──────── Raw data

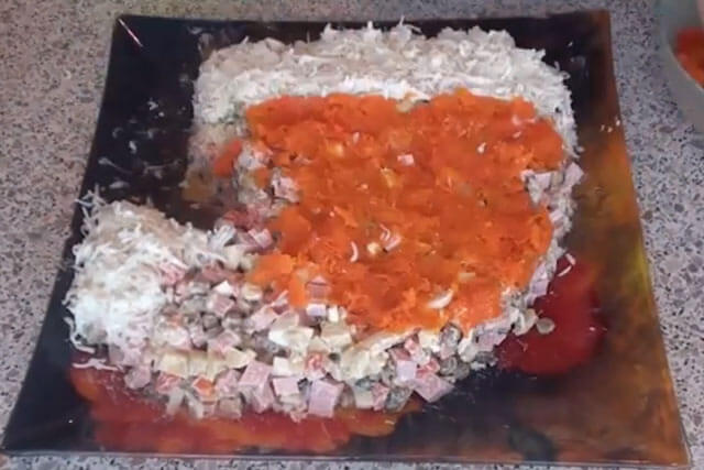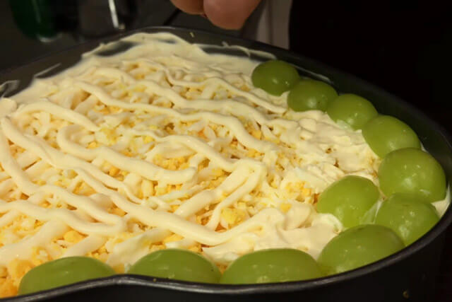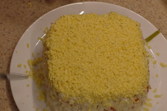 - Разровнять салат в блюде, верхушку слегка смазать майонезом и покрыть желтком.
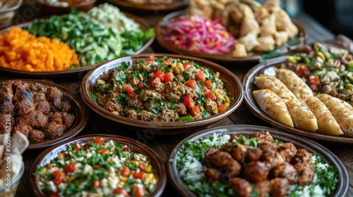A variety of Middle Eastern dishes laid out on a wooden table. The photo shows a variety of dishes, including salads, meat, and rice, and can be used for food blogs, restaurants, and recipes.
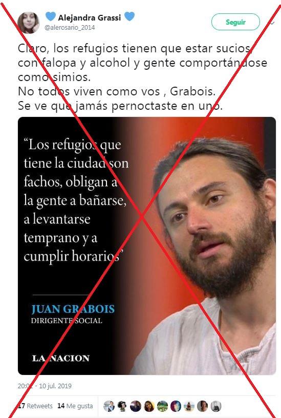 La foto que acompaña el texto, con el rostro de Grabois, fue tomada del video de una entrevista realizada en Infobae por el periodista Luis Novaresio en octubre de 2017, pero en ella Grabois no hace referencia alguna a los refugios que la ciudad de Buenos Aires ofrece a las personas sin hogar.
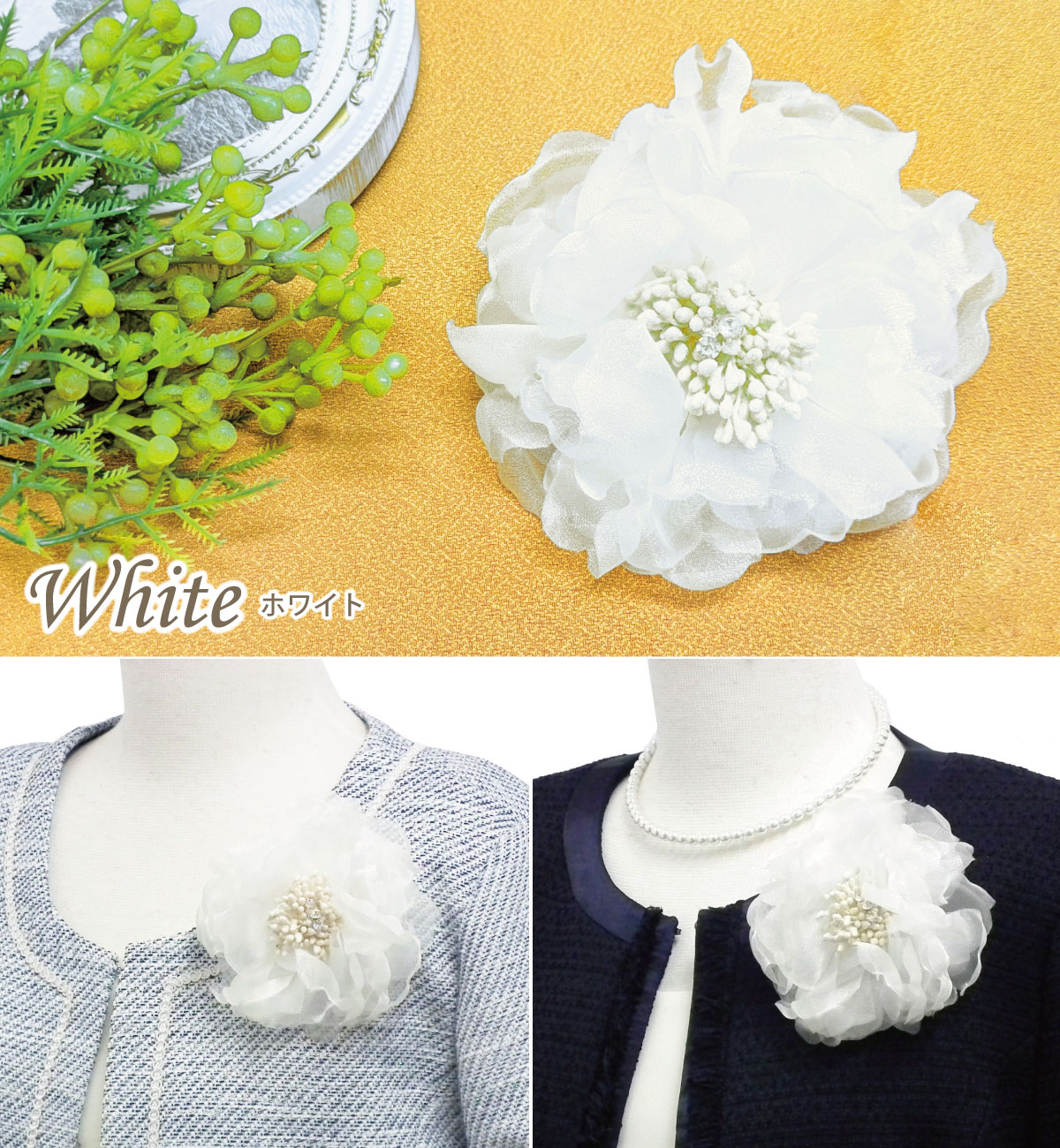 裏面は安全ピンと便利なくちばし状のクリップ付き。 スーツやドレスだけでなく、髪飾り・バッグなどの小物にもおしゃれのアクセントして使えるアイテムです。 |

────────────────

Repeat the lines above, starting at the first and stopping after the line that holds "A variety of Middle", with the pictures left out.

 - Разровнять салат в блюде, верхушку слегка смазать майонезом и покрыть желтком.
A variety of Middle Eastern dishes laid out on a wooden table. The photo shows a variety of dishes, including salads, meat, and rice, and can be used for food blogs, restaurants, and recipes.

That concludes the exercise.